在现代社会中,近年来心脏病的数量持续增加,心脏治疗尤其是心脏导管插入术也随之增多。心脏导管插入术的操作对患者和从业者来说都具有挑战性。在该操作过程中可能会出现一些心理或生理方面的潜在压力源。本研究的目的是为从业者和患者开发并实施一种压力管理干预措施,旨在减轻心脏导管插入术带来的心理和身体压力。

方法

这项临床研究(DRKS00026624)包括两项平行组随机对照干预试验,分别针对德国勃兰登堡州恩斯特 - 冯 - 伯格曼诊所网络的两个临床地点接受择期心脏导管插入术的患者以及导管插入实验室的从业者。两组接受不同的压力管理干预措施。针对患者的干预措施包括一段包含不同压力管理技巧的心理教育视频以及一份关于心脏导管插入术检查的标准化医学信息。对照条件包括在检查前在医院进行的常规医疗患者教育(常规护理)。

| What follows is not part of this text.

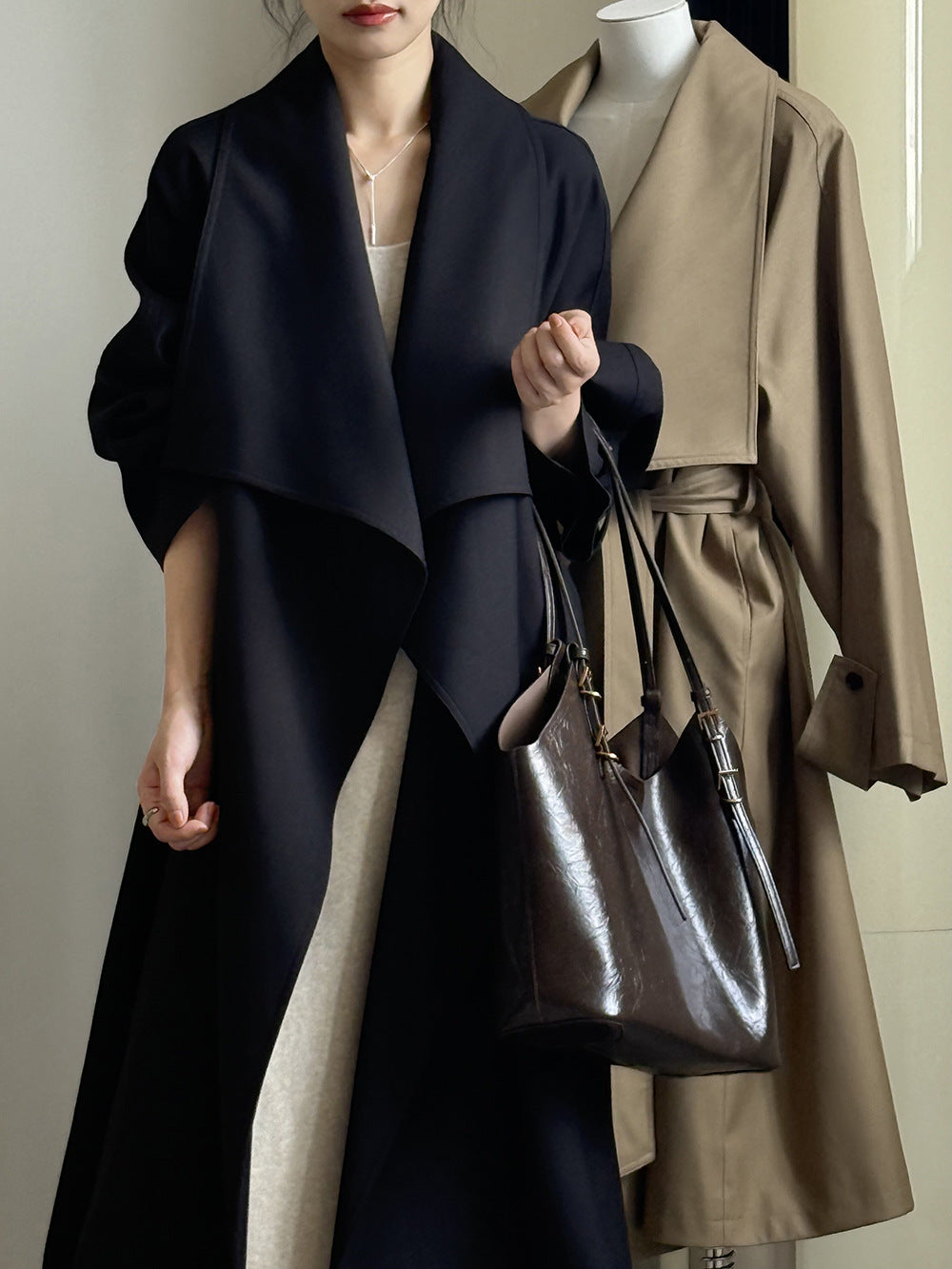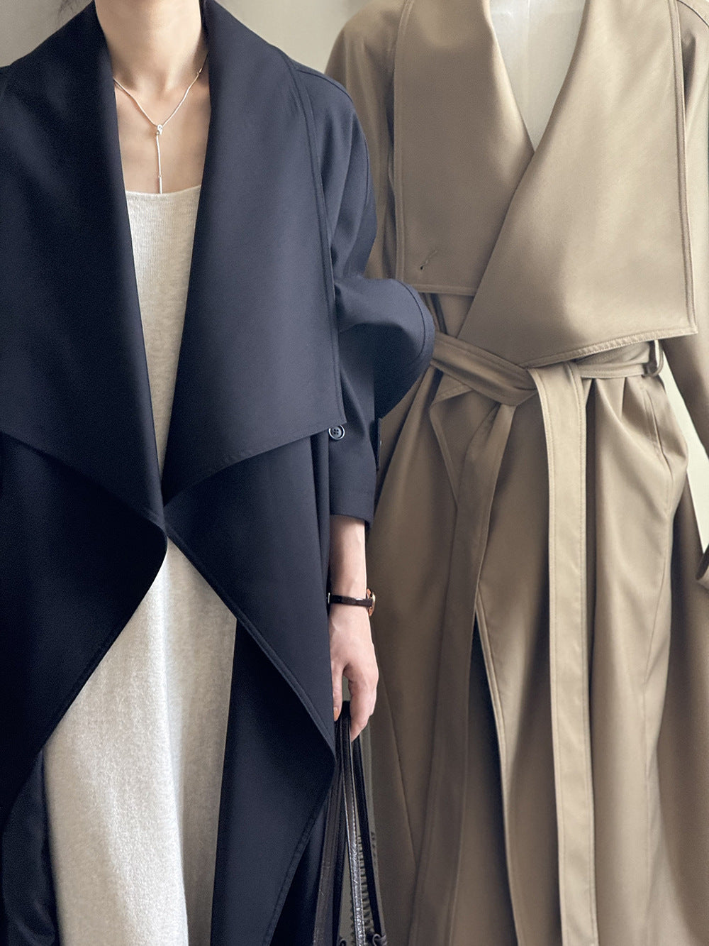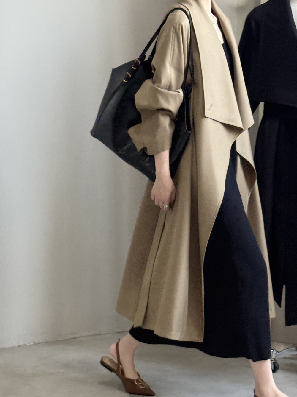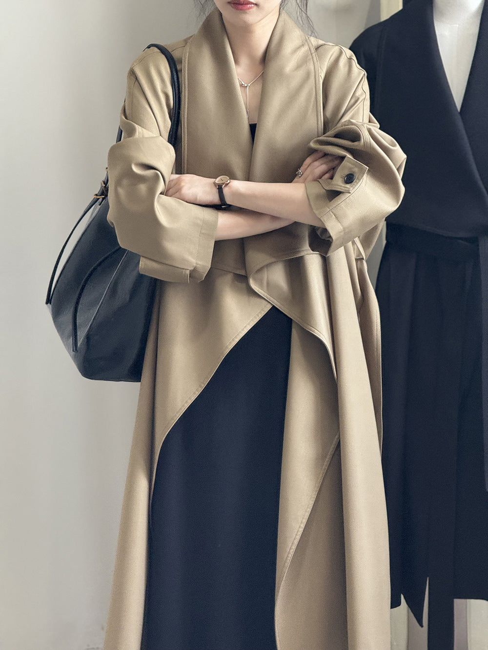 【Y82605】實拍韓系設計款大翻領寬鬆長款風衣外套含腰帶250828

主要和次要结局通过生理参数和经过验证的问卷进行测量,分别在心脏导管插入术前一天(M1)、术后(M2)以及6个月后的邮寄随访(M3)时进行。预计接受标准化信息和心理教育的人在心脏导管插入术过程中并发症减少,术前和术后的幸福感、恢复情况、情绪更好,且随着时间推移压力水平更低。针对从业者的干预措施包括由一名经验丰富的基于正念减压疗法(MBSR)从业者在诊所现场直接监督的为期8周的MBSR计划以及一份操作指南。预计接受干预的从业者在感知压力和慢性压力、职业健康、身心功能、更高的努力 - 回报平衡、恢复情况和生活质量方面会有所改善。主要和次要结局通过生理参数(心率变异性、唾液皮质醇)和经过验证的问卷进行测量,并将在MBSR干预前(M1)和后(M2)以及6个月后的邮寄随访(M3)时进行评估。将在两个工作日和两个休息日对从业者的生理生物标志物在干预前(M1)和干预后(M2)进行评估。两组(从业者和患者)的干预效果将分别使用多变量方差分析进行评估。

讨论

本研究评估了针对心脏导管实验室中的患者和从业者的两种压力管理干预计划的有效性。该研究将揭示心脏导管插入术过程中影响患者和从业者的压力。对于从业者而言,这可能有助于改善工作条件和职业安全、保持收入能力、避免参与限制和工作表现下降。预计两组在手术前和手术过程中的焦虑、压力和并发症都会减少。该研究可能会增加关于如何消除压力暴露以及如何在工作中提高(心理)安全感、减少产出损失和疲惫的知识。所制定的压力管理指南、培训手册和标准化患者教育应转化为临床常规操作。